The limitations of this meta-analysis encompass several key factors that were not taken into consideration in the studies included. Although we are aware that disease severity and energy provision significantly impact patient outcomes, our meta-analyses were not corrected for these aspects. Unsurprisingly, most studies found that the group with a high protein intake also received more energy, which could result in an underestimating of the positive impact of high protein intake. In addition, this review encompasses investigations, some of which were not specifically meant to investigate certain protein provision categories. Furthermore, we did not consider whether studies made adjustments for protein intake in patients with a body mass index (BMI) of 27.5 or higher. Although the trials did not provide adequate subgroups for subgroup analysis, it is important to consider this because prior research has demonstrated that a universal approach is not appropriate. The ideal protein provision may vary across different patient groups.

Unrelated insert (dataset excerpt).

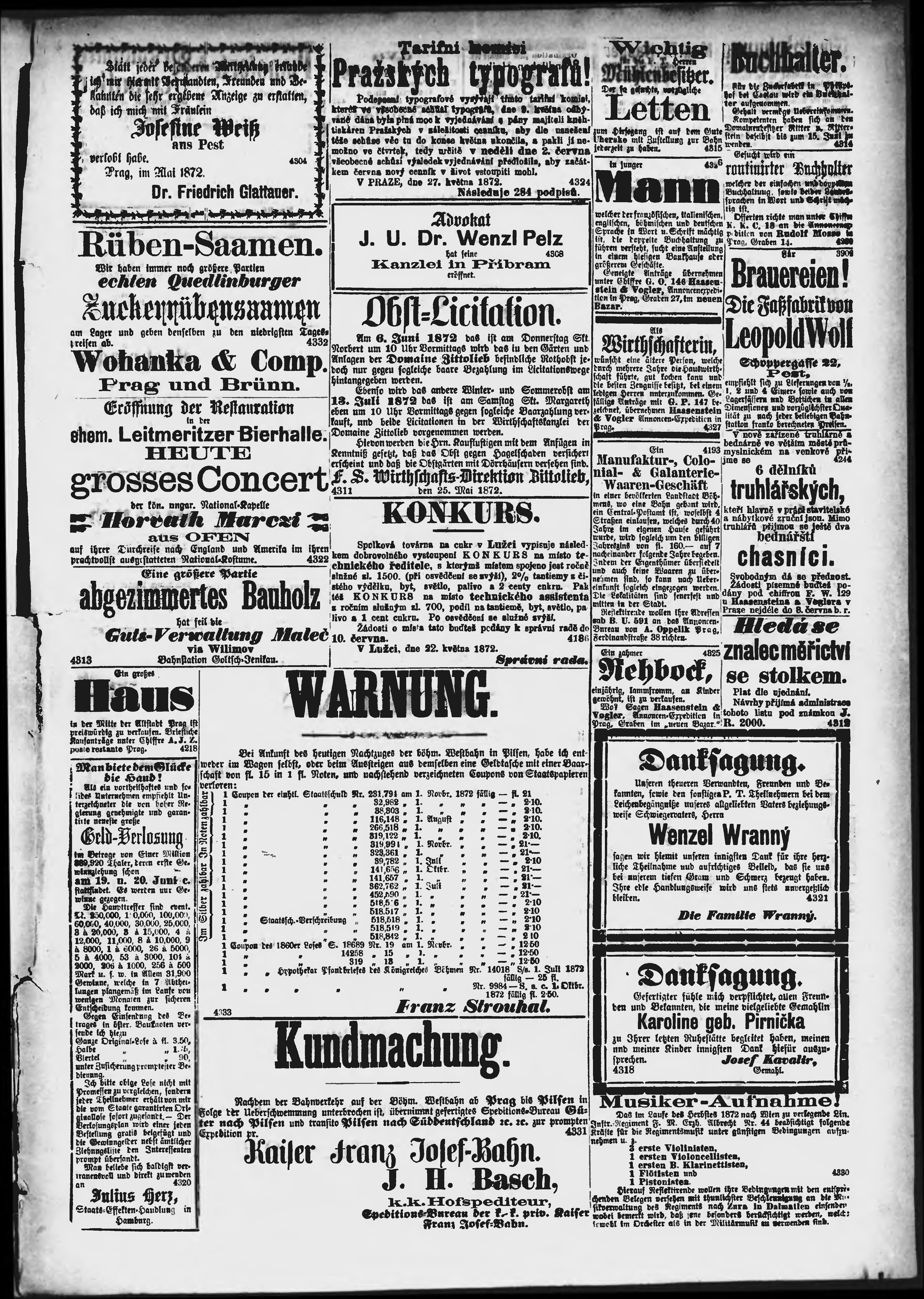 * Datum vydání výtisku: 28.5.1872 Číslo výtisku: 146

Several outcomes in our meta-analysis, particularly ICU length of stay (I2 = 99%) and hospital length of stay (I2 = 98%), demonstrated extremely high heterogeneity. This variability is likely multifactorial. First, the included studies differed in patient populations, ranging from medical ICU patients to postoperative surgical ICU cohorts, each with distinct baseline risks and recovery trajectories. Second, definitions and timing of “early” and “late” protein supplementation varied across trials, with protein doses ranging from suboptimal (<1.0 g/kg/day) to near-target levels (>1.5 g/kg/day), which could influence the physiological impact on outcomes. Third, differences in concomitant nutrition strategies, such as total caloric delivery and use of parenteral nutrition, may have contributed to the observed heterogeneity.

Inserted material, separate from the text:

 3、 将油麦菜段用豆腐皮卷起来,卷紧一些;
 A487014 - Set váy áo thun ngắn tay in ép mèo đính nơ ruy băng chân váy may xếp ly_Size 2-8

Additionally, non-clinical factors such as institutional discharge policies, ICU bed availability, and local weaning practices for mechanical ventilation could have affected length-of-stay metrics. The presence of both randomized controlled trials and observational studies in the pooled analysis further adds methodological variability. Given these factors, results for outcomes with I2 > 90% should be interpreted with caution, and future trials should aim for standardized definitions, dosing protocols, and patient selection criteria to improve comparability.

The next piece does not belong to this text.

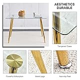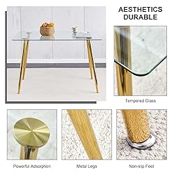 - Modern Dining Table-Designed with simplicity and practicality in mind, this glass and gold dining table with rectangular clear top and Silver Chromium Plated metal legs showcases a modern and elegant look that will go perfectly with your kitchen and dining room.High Quality Tempered Glass Dining Table Top-This stylish dining table is made of high quality tempered glass after careful polishing, the corners are more beautiful with elegant rounded curves, and the thickness is 0.31 inches, thicker and safer.Stable kitchen table-This glass dining table is supported by high quality gold metal legs with thick tempered glass table top, making it more stable and longer lasting.The bottom is equipped with adjustable feet to keep this rectangular dining table stable on uneven floors and not hurt the floor during movement.

In this systematic review and meta-analysis, we included 13 studies to evaluate different variables in a variety of patient groups, with a total of 10883 patients. Early protein supplementation in critically ill ICU patients did not demonstrate a statistically significant advantage over late protein supplementation or standard care in terms of mortality, infectious complications, overall complications, or pneumonia. However, the early protein groups did show a statistically significant reduction in ICU LOS and MV duration compared to other groups. The lack of clear benefit from early protein supplementation across various subgroups, including mortality, is attributed to factors such as suppressed autophagy, reduced ketogenesis, and feeding-resistant catabolism.
Despite a decade of RCTs, the optimal timing and dosage of protein supplements remain uncertain. Before recommending such feeding strategies in clinical practice, large-scale RCTs are necessary. These trials should incorporate feeding protocols that preserve beneficial fasting mechanisms like autophagy and ketogenesis without inducing starvation, tailored to different clinical endpoints and patient subgroups. The inclusion of indirect calorimetry and biomarkers will enhance the individualization of feeding strategies for critically ill patients.